Task requirements.
Line by line, copy out the entries exactly and leave the pictures behind.

Records shown.
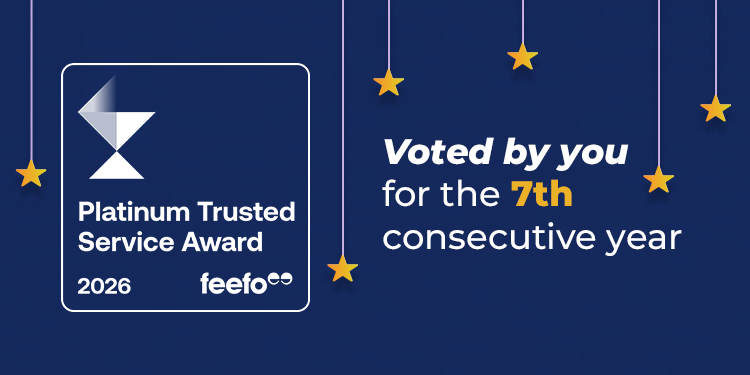 Proud winners of the Feefo Platinum Trusted Service Award 2024 for the fifth consecutive year
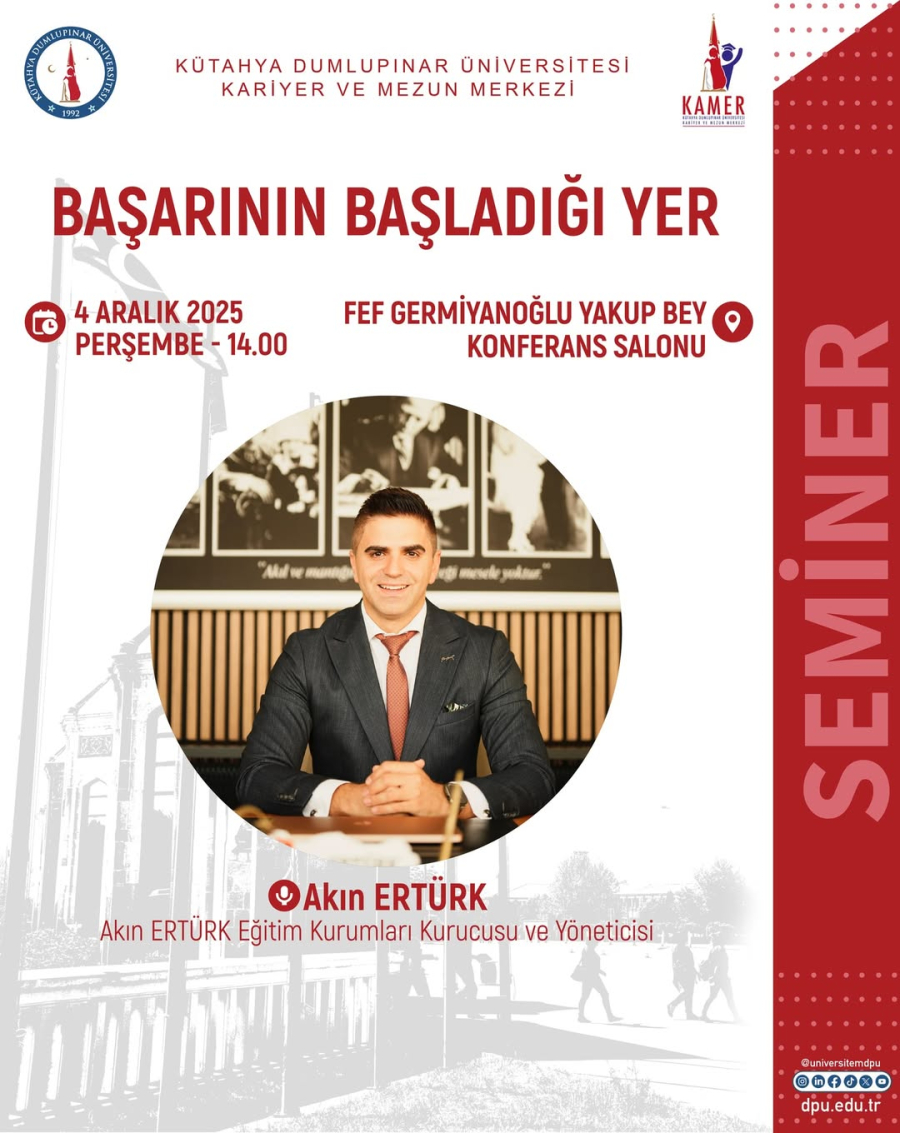 Mezunlarla Söyleşiler Etkinliklerimiz kapsamında düzenlediğimiz konuşmacı olarak Akın Ertürk Eğitim Kurumları Kurucusu ve Yöneticisi Akın Ertürk'ün katıldığı "Başarının Başladığı Yer" başlıklı seminerimizi 04 Aralık Perşembe günü saat 14:00'te Fen Edebiyat Fakültesi Germiyanoğlu Yakup Bey Konferans Salonu’nda gerçekleştirdik.
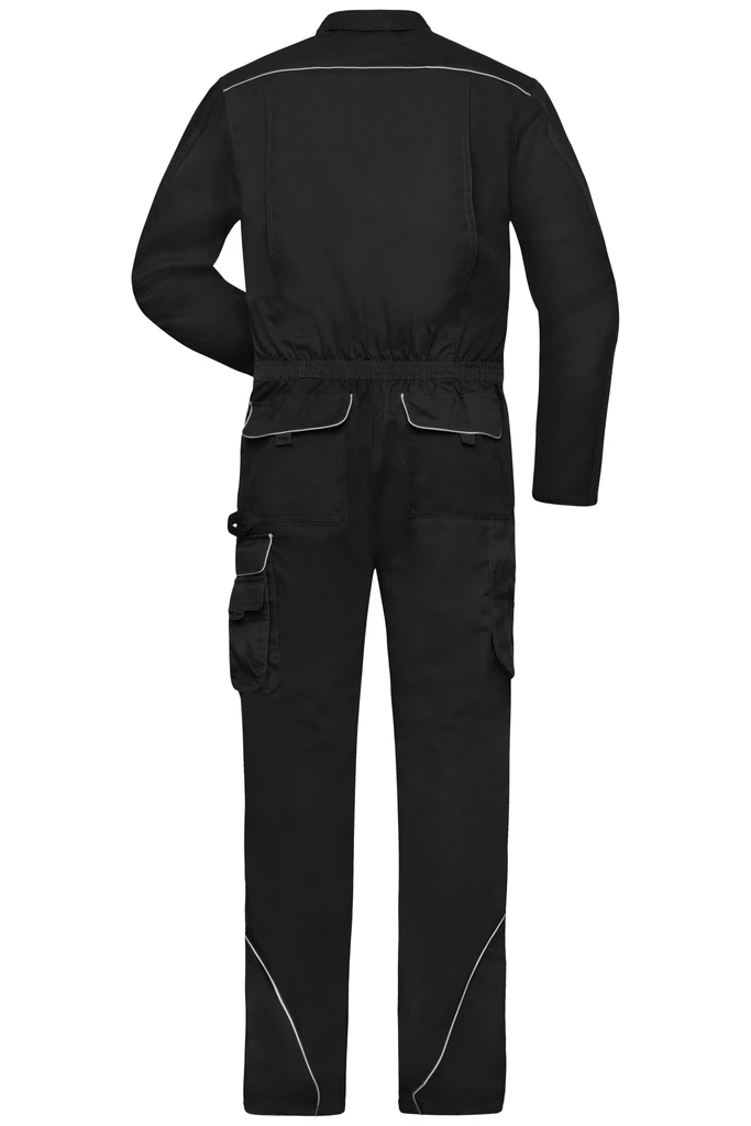2 front pockets, 2 back pockets with pocket flap, several tool pockets
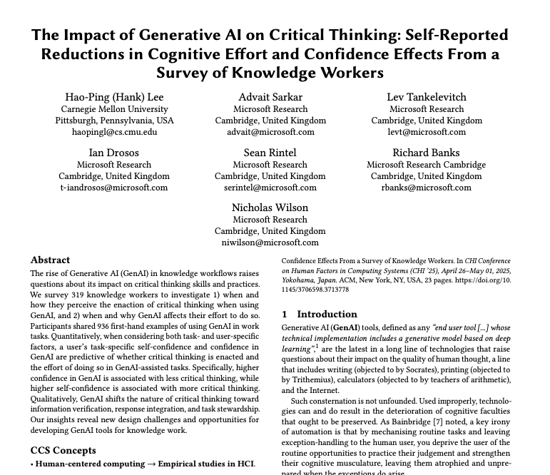 microsoft research found higher confidence in ai correlates with less critical thinking. the more you trust it, the less you think.
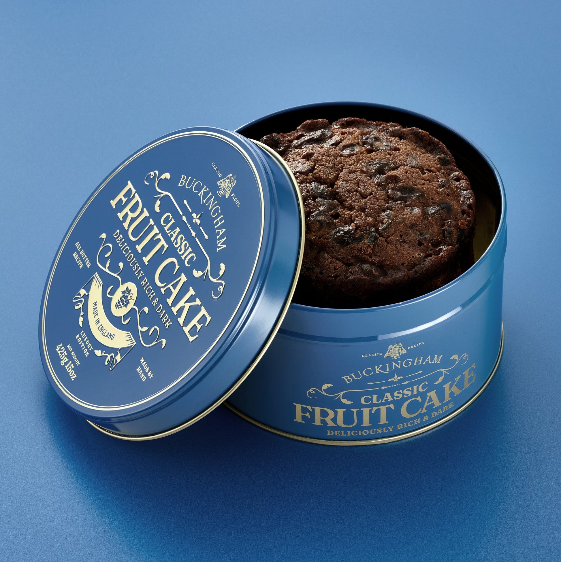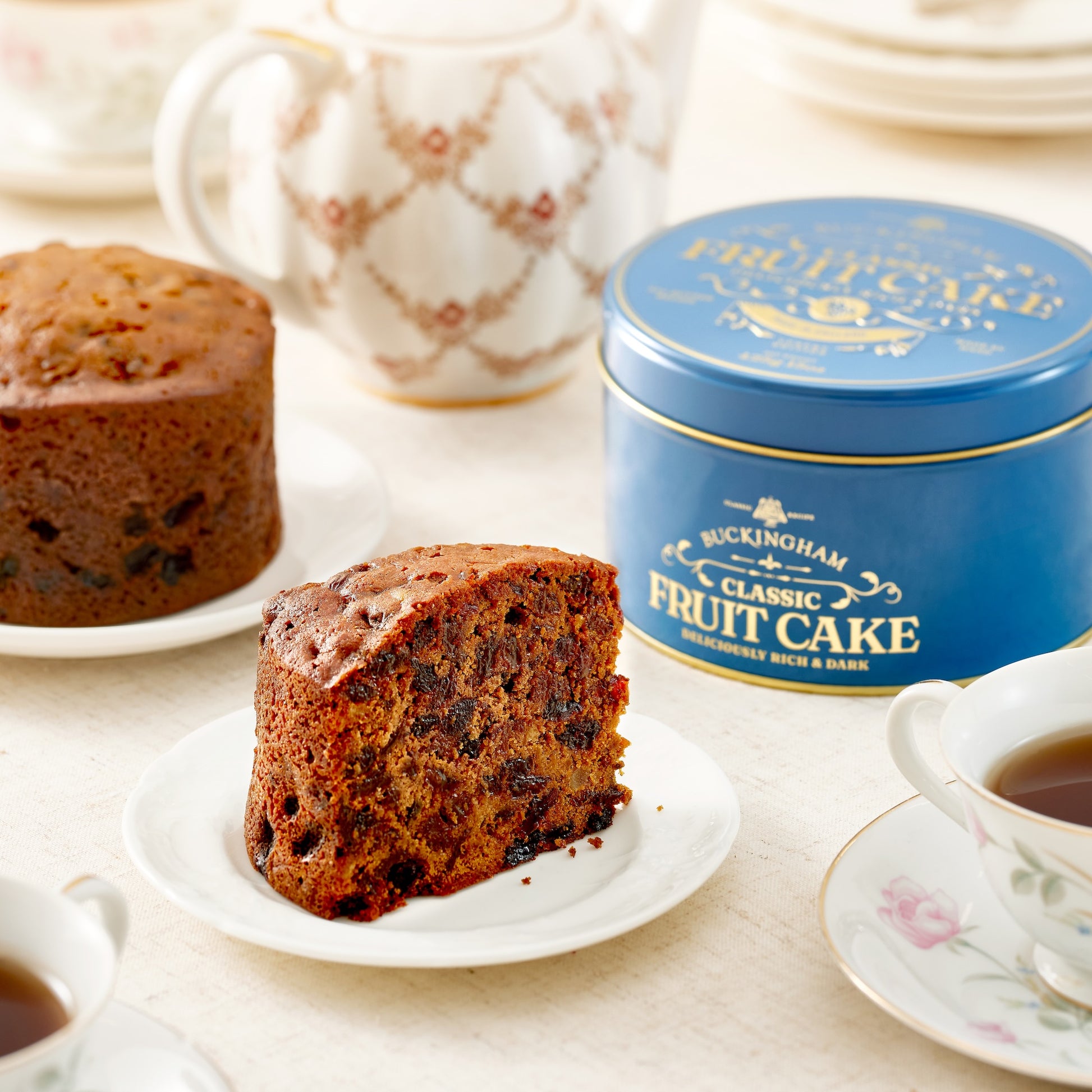 Our best-selling Classic English Fruit Cake in a tin, with the original Buckingham® recipe, with over 45% real fruit. This is where it all started. We've never changed our traditional fruit cake recipe, and it's still our most popular small-sized alcohol-free fruit cake to buy online. A classic Christmas fruit cake in a beautiful vintage-style gift tin is a perfect present for luxury food lovers.

Answer area.
 Proud winners of the Feefo Platinum Trusted Service Award 2024 for the fifth consecutive year
 Mezunlarla Söyleşiler Etkinliklerimiz kapsamında düzenlediğimiz konuşmacı olarak Akın Ertürk Eğitim Kurumları Kurucusu ve Yöneticisi Akın Ertürk'ün katıldığı "Başarının Başladığı Yer" başlıklı seminerimizi 04 Aralık Perşembe günü saat 14:00'te Fen Edebiyat Fakültesi Germiyanoğlu Yakup Bey Konferans Salonu’nda gerçekleştirdik.
2 front pockets, 2 back pockets with pocket flap, several tool pockets
 microsoft research found higher confidence in ai correlates with less critical thinking. the more you trust it, the less you think.
 Our best-selling Classic English Fruit Cake in a tin, with the original Buckingham® recipe, with over 45% real fruit. This is where it all started. We've never changed our traditional fruit cake recipe, and it's still our most popular small-sized alcohol-free fruit cake to buy online. A classic Christmas fruit cake in a beautiful vintage-style gift tin is a perfect present for luxury food lovers.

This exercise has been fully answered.